William Godfrey (1889–1963) was an English Cardinal of the Roman Catholic Church. He served as Archbishop of Westminster and de facto primate of England and Wales from 1956 until his death, and was elevated to the cardinalate in 1958.

Biography
William Godfrey was born in Liverpool to George and Mary Godfrey. His father was a haulage contractor. He leaned towards the priesthood from an early age, never taking any alternative into serious consideration. After studying at Ushaw College, Durham, and the English College, Rome, he was ordained a priest on 28 October 1916 in Rome. He then finished his studies in 1918, obtaining his doctorates in theology and philosophy in 1917, and did pastoral work in Liverpool until 1919. He taught Classics, Philosophy and Theology at Ushaw from 1918 to 1930, the year when he was appointed rector of the English College, Rome and given the title Monsignor (28 October). At the college, the strict priest was known to his students as "Uncle Bill". In 1935, Godfrey was made a member of the Pontifical Commission to Malta, and attended in an official capacity the 1937 coronation of King George VI and Queen Elizabeth.

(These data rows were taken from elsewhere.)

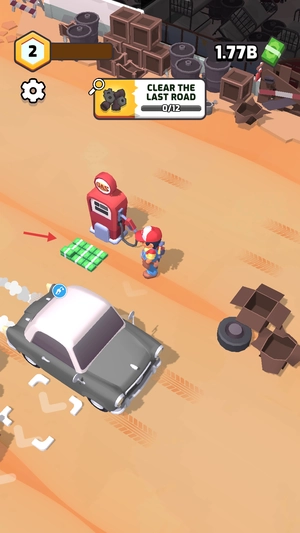 当加油站升级到2级后,继续清除剩下的道路障碍,与此同时收取油泵旁边自动生成的货币,以推动最终的道路清理进度。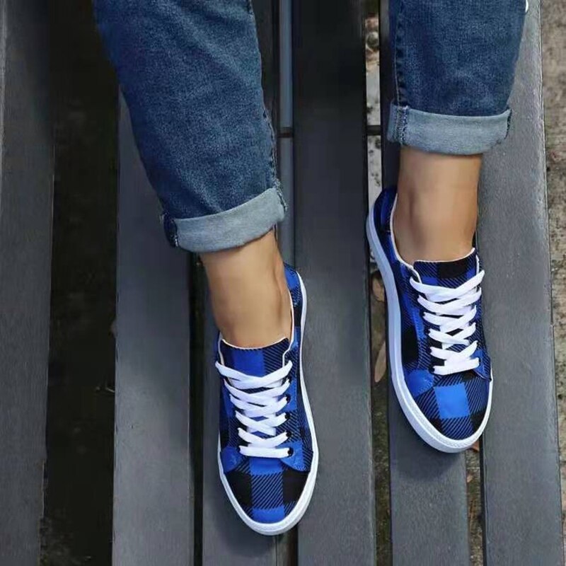 2024 New Canvas Flat Shoes Women Sneakers Casual Grid Leopard Flats Simple Classic Lace-up Spring Shoes Female Plus size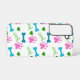 Do you like cute phone cases? This adorable phone case has a pattern of pink dog paws, blue bones, green hearts and the word woof in green.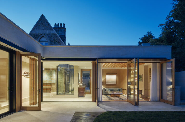 This project is for the refurbishment of a neo-gothic cottage in Fulham Cemetery and the construction of a new extension which houses a kitchen, dining and living room with a basement that contains a swimming pool, media room, guest bedrooms, wine store and ancillary spaces.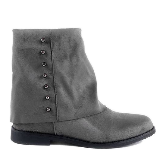 Yksityiskohdat: Harmaat saappaat päällystetyssä Lanan kiilamaisessa kantapäässä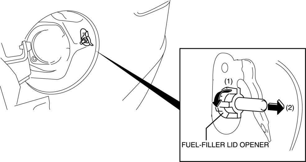 5. Rotate the fuel-filler lid opener in the direction of the arrow (1) as shown in the figure and pull it out in the direction of the arrow (2).

On 21 November 1938, Mgr Godfrey was appointed Titular Archbishop of Cius and first Apostolic Delegate to Great Britain, Gibraltar and Malta. Godfrey, who was the first papal representative to England since the Reformation, received his episcopal consecration on the following 21 December, in the chapel of the English College from Cardinal Raffaele Rossi, OCD, with Archbishop Luigi Traglia and Bishop Ralph Hayes serving as co-consecrators. He was also chargé d'affaires of the Holy See to the Polish government-in-exile in London in 1943. He left these diplomatic posts on 10 November 1953 when he was made Archbishop of Liverpool.

Pope Pius XII appointed Godfrey Archbishop of Westminster, and thus the ranking prelate of the Catholic Church in England and Wales, on 3 December 1956. During his installation, Godfrey condemned Communism and professed his mission as bringing England "back to the love of Christ". He was vehemently opposed to birth control. At one point in his tenure, he caused some mirth by calling for English Catholics to feed their pets less during Lent.

Archbishop Godfrey was created Cardinal-Priest by Pope John XXIII in the consistory of 15 December 1958 and was assigned the title of Ss. Nereo ed Achilleo.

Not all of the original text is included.